Results: Under non-induced conditions, the oxygen transfer rate (OTR) of E. coli was not affected by a variation of the supplemented yeast extract lot. The comparison of E. coli cultivations under induced conditions exhibited tremendous differences in OTR profiles and volumetric activity for all investigated yeast extract lots of different suppliers as well as lots of the same supplier independent of the E. coli variant. Cultivation in the commercial auto-induction medium lots revealed the same reproducible variations. In cultivations with parallel offline analysis, the highest volumetric activity was found at different cultivation times. Only by online monitoring of the cultures, a distinct cultivation phase (e.g. glycerol depletion) could be detected and chosen for comparable and reproducible offline analysis of the yield of functional product.

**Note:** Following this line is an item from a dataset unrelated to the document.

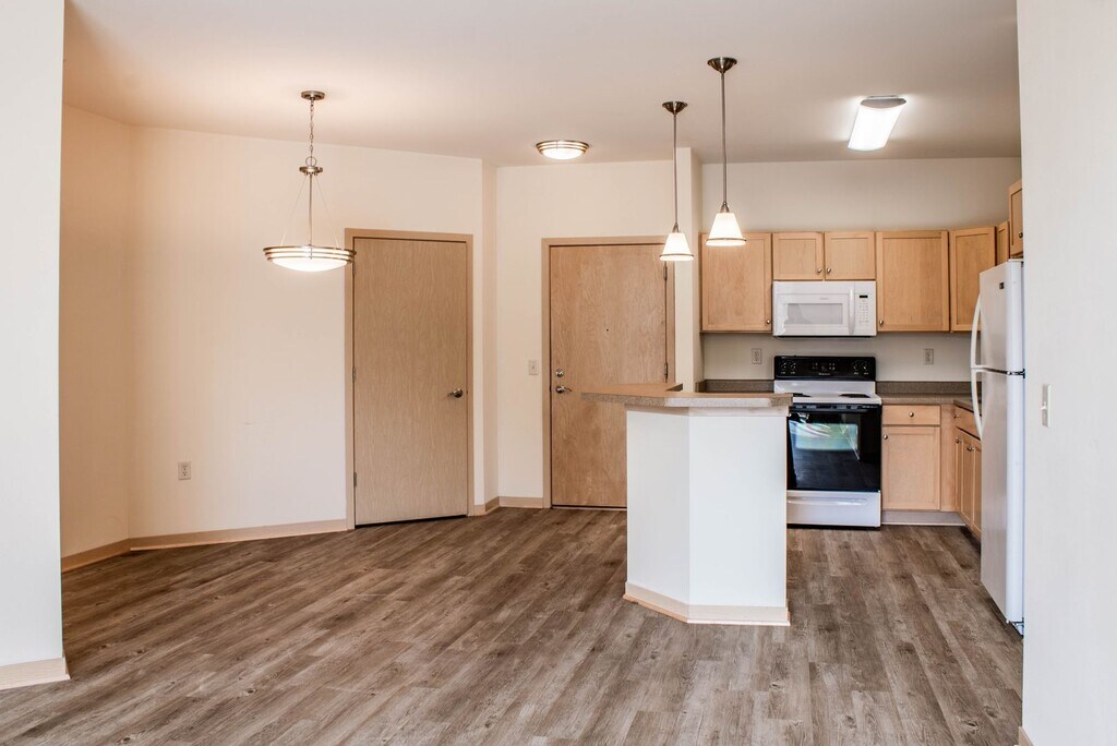 1 Bedroom - Market Rate P Style - Northwest Facing Apartment Features Include - Balcony/Patio - Breakfast Bar - In-Unit Washer and Dryer - Laundry Room - Tub/Shower Combo - Vinyl Plank Flooring* - Window Coverings *Offered in Select Apartments Tenant Liability Insurance Required. (Minimum coverage of 100K) (Pricing, inclusions, and eligibility subject to change)

Conclusions: This work proves that cultivations conducted in complex media may be prone to significant variation in final product quality and quantity if the quality of the raw material for medium preparation is not thoroughly checked. In this study, the RAMOS technique enabled a reliable and reproducible screening and phenotyping of complex raw material lots by online measurement of the respiration activity. Consequently, complex raw material lots can efficiently be assessed if the distinct effects on culture behavior and final product quality and quantity are visualized.